Stalling donations masked by rising legacy income, Third Sector study finds

Total giving to the top 10 charities has grown by 2.4 per cent in three years, but this has mostly been supported by an increase in legacy income of 13.5 per cent

Donations to the top 10 fundraising charities appear to have stalled over the past three years, but this has been masked by a growth in legacy income, analysis by Third Sector has found.

Total giving to the top 10 charities by fundraising income has grown by 2.4 per cent over the past three years, from £1.76bn to £1.8bn.

But Third Sector found this growth was mostly supported by a rise in the value of gifts left to charities in wills, while for many of the biggest fundraising charities other types of donations have fallen.

Between 2015/16 – or the nearest year for which the charities’ accounts were available – and 2017/18, legacy income rose by 13.5 per cent, from £621.2m to £705.3m.

Meanwhile, income from other kinds of donations, which was £1.14bn in 2015/16, fell to £1.1bn in 2016/17. It climbed slightly in 2017/18, but only by £2m, and there was still a 3.6 per cent drop across the three years.
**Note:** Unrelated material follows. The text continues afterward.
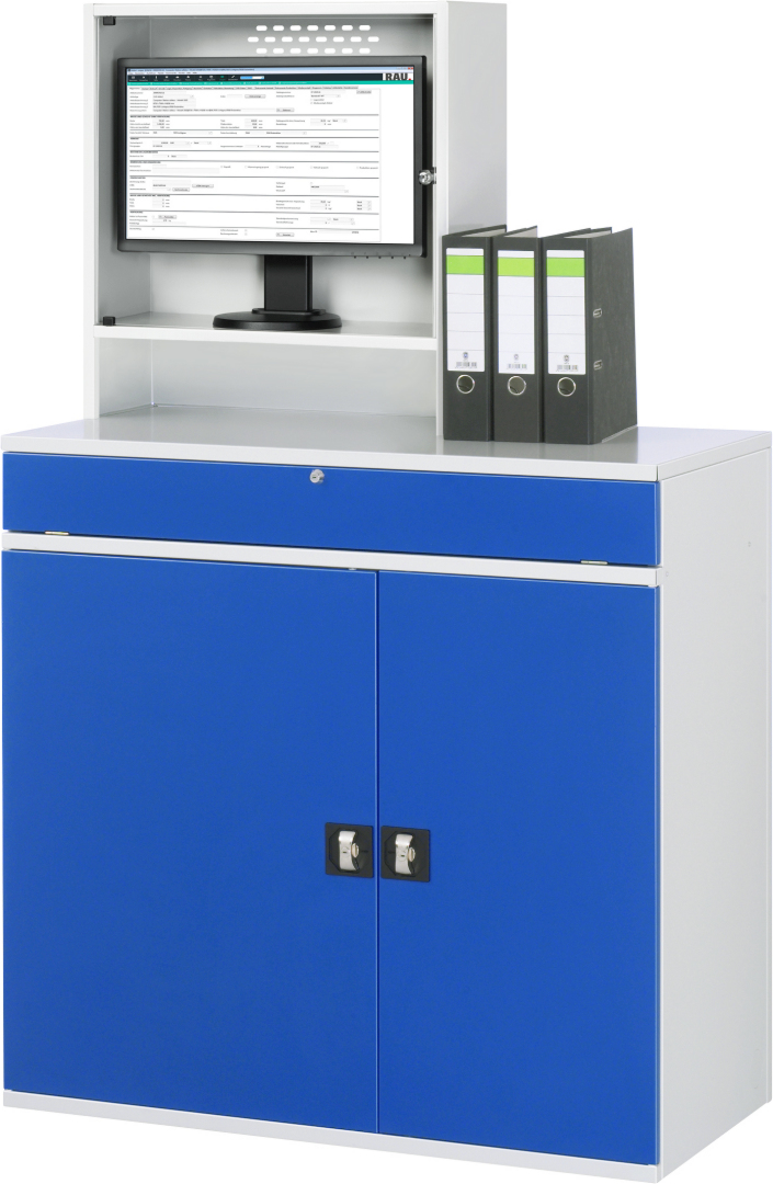 - Monitorgehäuse (B650 x T250 x H710 mm) mit abschließbarem Monitorfach (innen B635 x T230 x H530 mm, integriertes Belüftungsraster) für Bildschirme bis max. 26“ geeignet. Unter dem Monitorfach ist ein offenes Ablagefach (Fachhöhe 140 mm).

The figures form the basis for an analysis article in the latest edition of Third Sector magazine, out now, which also looks at data from other bellwether charities, including Comic Relief.

In the article, Meg Abdy, development director of the legacy consortium Legacy Foresight, said the rise in legacy income was due to rising house prices because, rather than leaving fixed amounts to charity, many people were leaving portions of the value of their estates, including houses.

But she warned that Brexit might have a negative impact on legacies.

"I don’t think charities can rely on legacy income to bolster voluntary income the way it has in the past three or four years," she said.

Nick Pride, fundraising strategy director at the creative agency WPN Chameleon and former deputy head of fundraising at Oxfam, said the sector needed to respond to the warning signs before it was too late.

"I think most people are reaching the conclusion that we can’t carry on as we have been," he said.

"We’ll reach the point at which the money will continue to decline and we won’t have a better answer. We have to change."